■ **WORK INSTRUCTION**
Leave the pictures out and quote every line from the start of the listing to the line with "ブロック塀を押し出してしまい今にも倒れそう・・・。", inclusive.

■ **RAW DATA**
<<<<

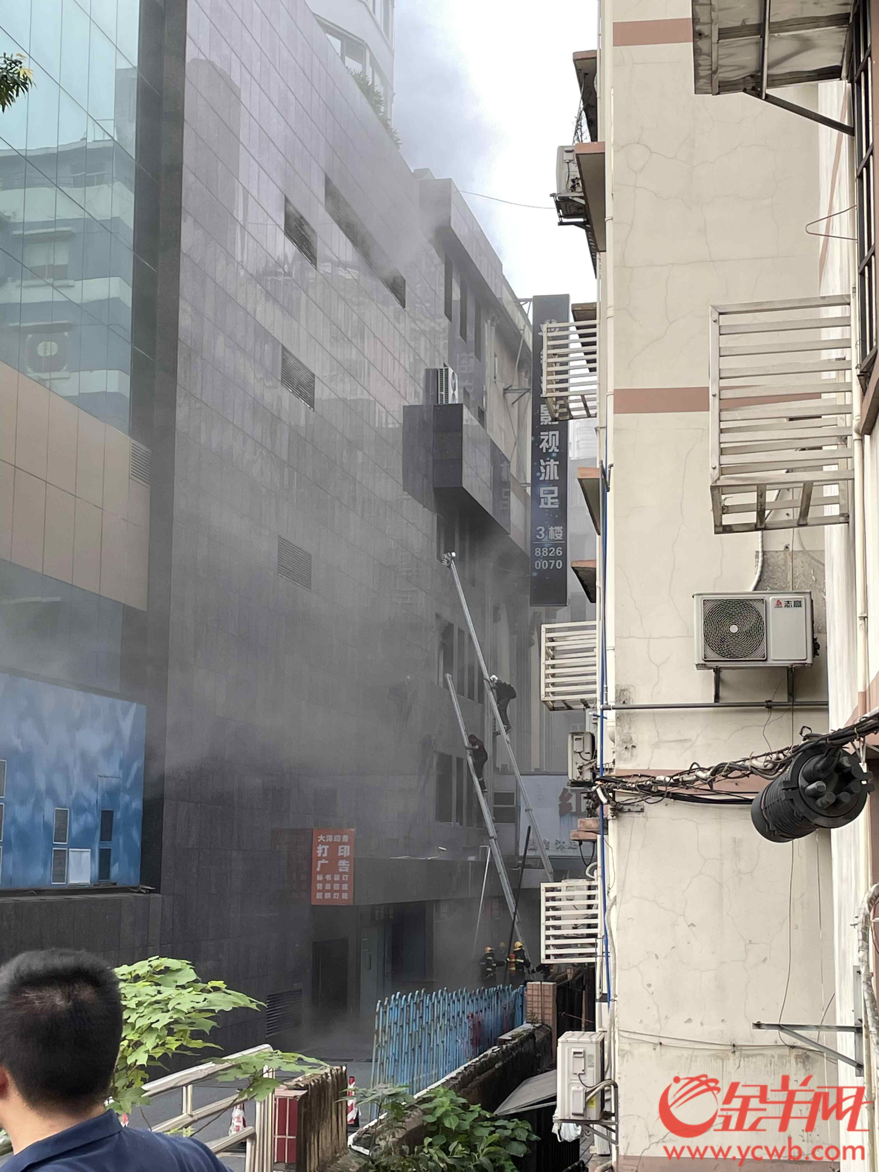 记者在现场闻到,有一阵烧焦味不断飘出。消防梯架设在三楼、四楼,消防员带领楼里的人员向外部爬出。
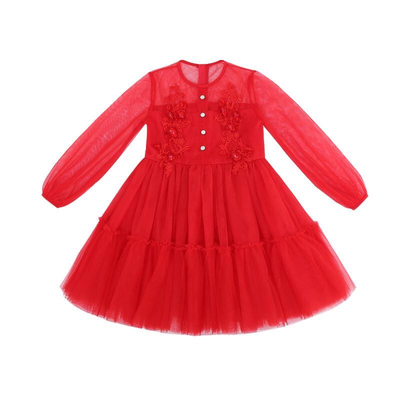 ワンピース 女の子 プリンセスドレス チュールスカート 子供 発表会 演奏会 春夏 ポリエステル レッド ホワイト 110 120 130 140 150 160 | Kneebaファッションショップ
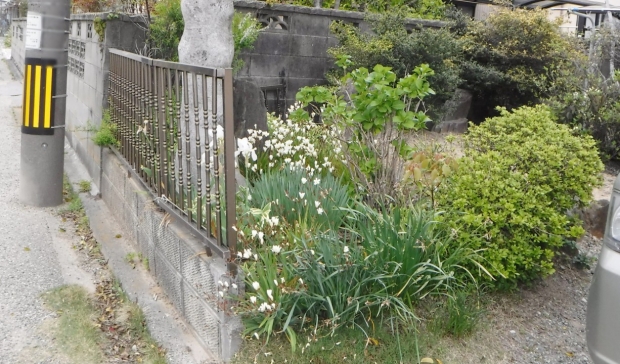 ブロック塀を押し出してしまい今にも倒れそう・・・。
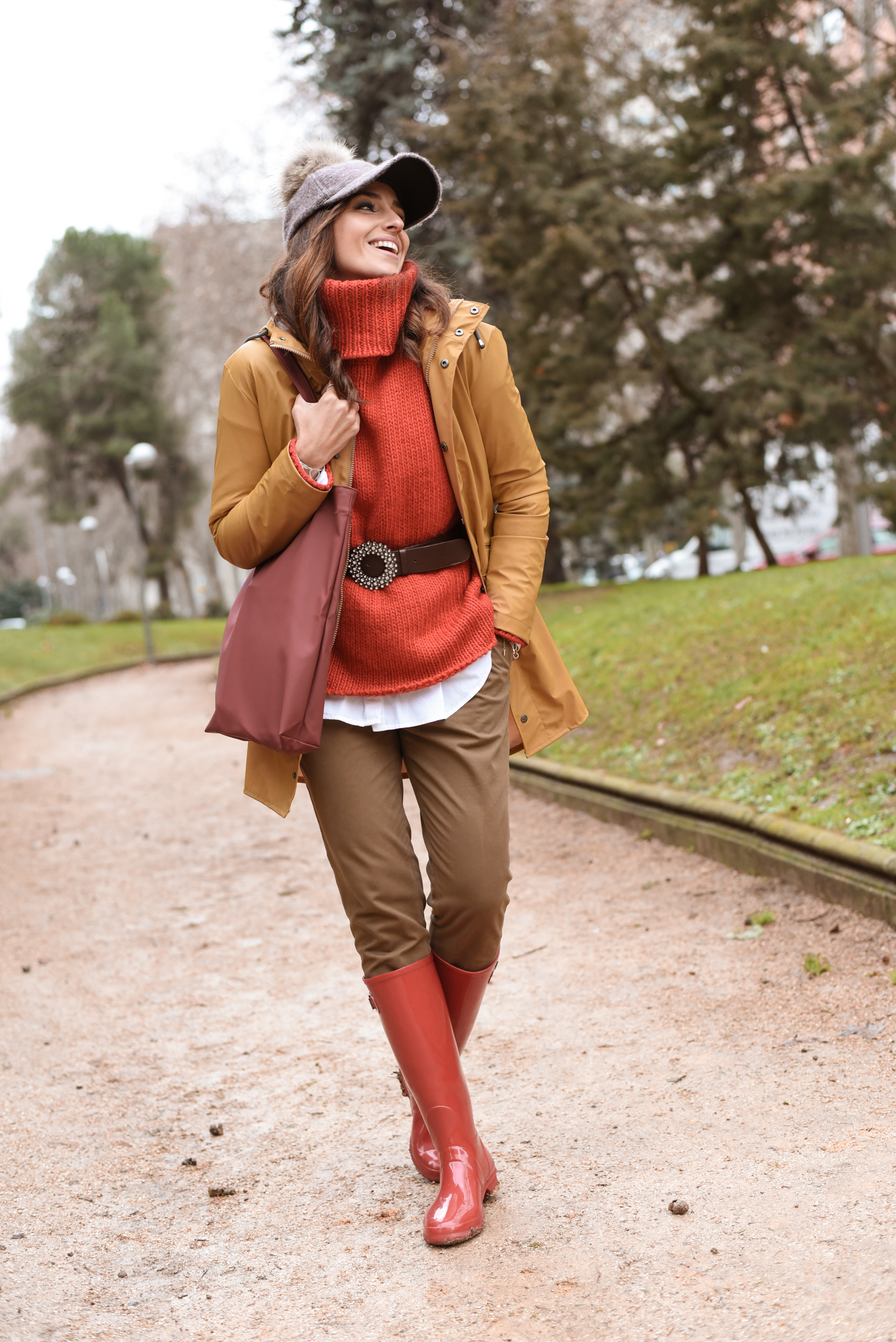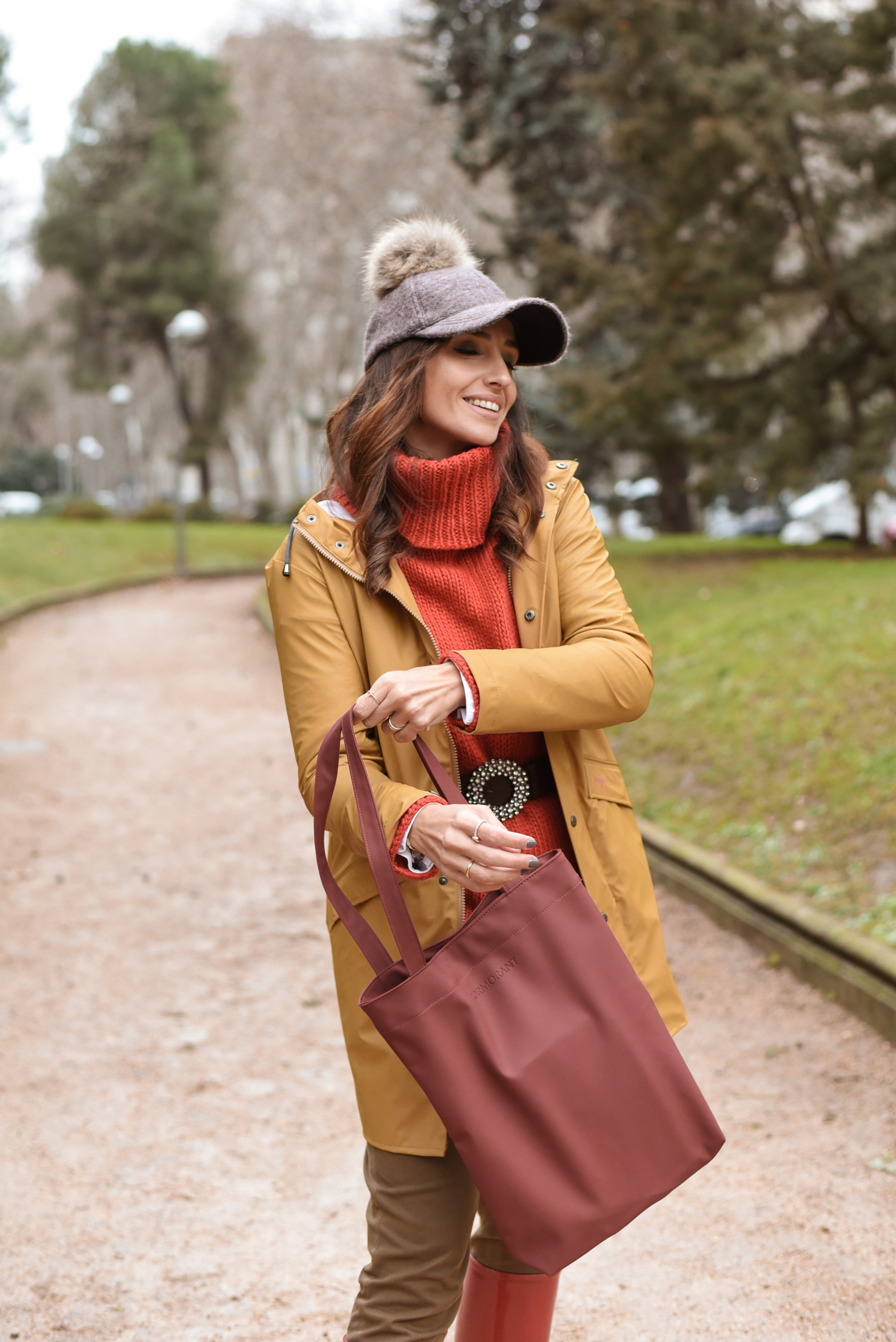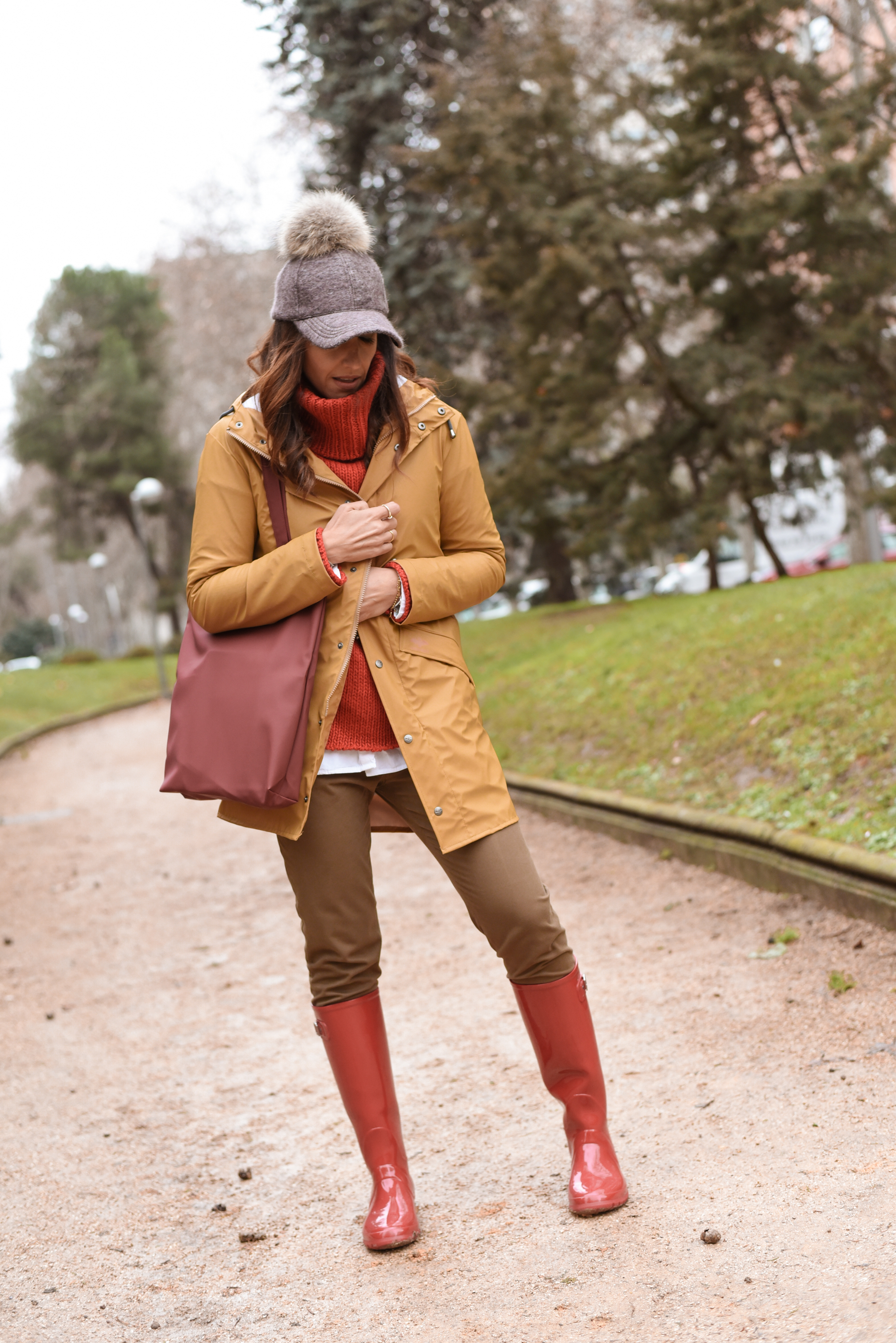 Pues ahora os cuento al detalle todo mi look. Para los días de lluvia optar por un gorro es una muy buena opción por lo que yo he elegido esta gorra con pompón que compré en un mercadillo navideño hace tiempo. Como a mi me gustan los looks coloridos, en este look mezclo el rojo con colores más tierra como marrón y mostaza.

>>>>

■ **RESPONSE**
 记者在现场闻到,有一阵烧焦味不断飘出。消防梯架设在三楼、四楼,消防员带领楼里的人员向外部爬出。
 ワンピース 女の子 プリンセスドレス チュールスカート 子供 発表会 演奏会 春夏 ポリエステル レッド ホワイト 110 120 130 140 150 160 | Kneebaファッションショップ
 ブロック塀を押し出してしまい今にも倒れそう・・・。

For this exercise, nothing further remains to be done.